Records for processing:
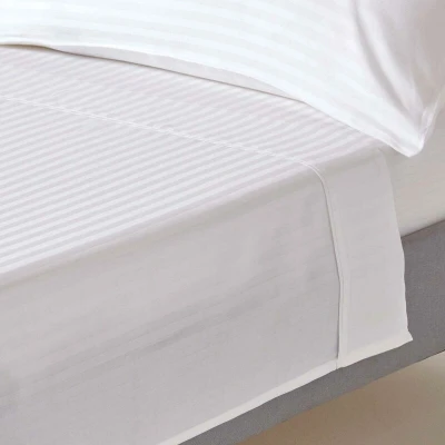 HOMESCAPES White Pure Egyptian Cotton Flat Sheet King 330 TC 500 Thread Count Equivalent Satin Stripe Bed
--
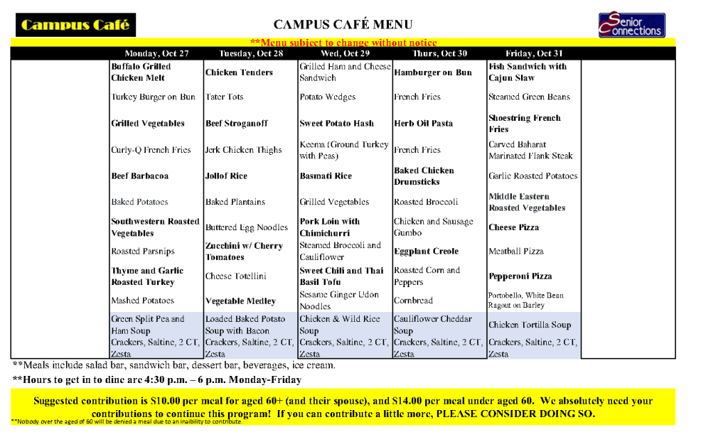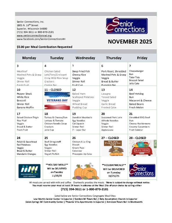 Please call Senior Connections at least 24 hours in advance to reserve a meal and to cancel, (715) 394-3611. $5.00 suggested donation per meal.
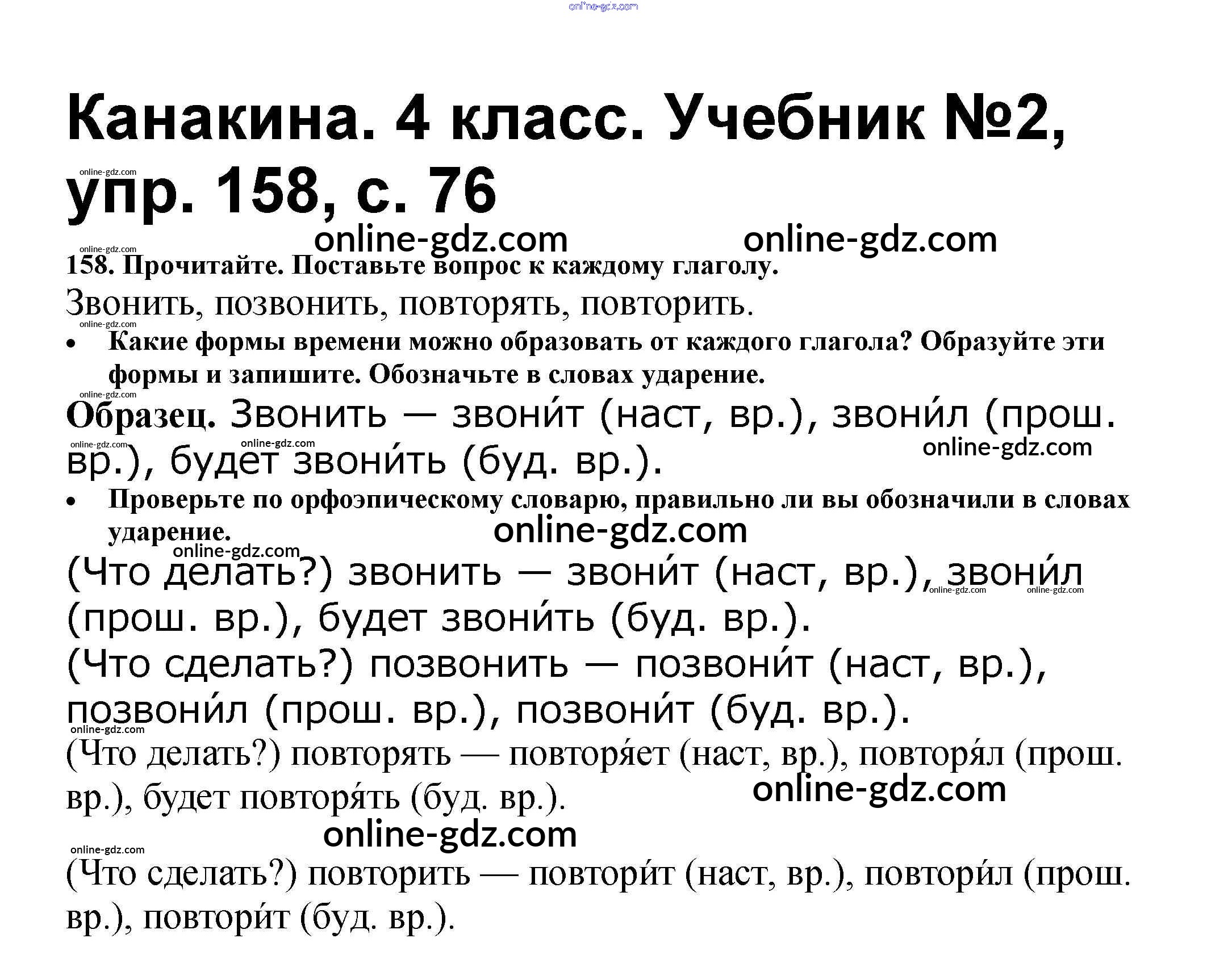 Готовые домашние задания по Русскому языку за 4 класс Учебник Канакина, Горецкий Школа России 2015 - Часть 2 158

Problem to work on: Transcribe the lines above exactly, beginning at the one with "Please call Senior" and ending at the one with "Готовые домашние задания". Include both; exclude the pictures.

Written solution:
 Please call Senior Connections at least 24 hours in advance to reserve a meal and to cancel, (715) 394-3611. $5.00 suggested donation per meal.
 Готовые домашние задания по Русскому языку за 4 класс Учебник Канакина, Горецкий Школа России 2015 - Часть 2 158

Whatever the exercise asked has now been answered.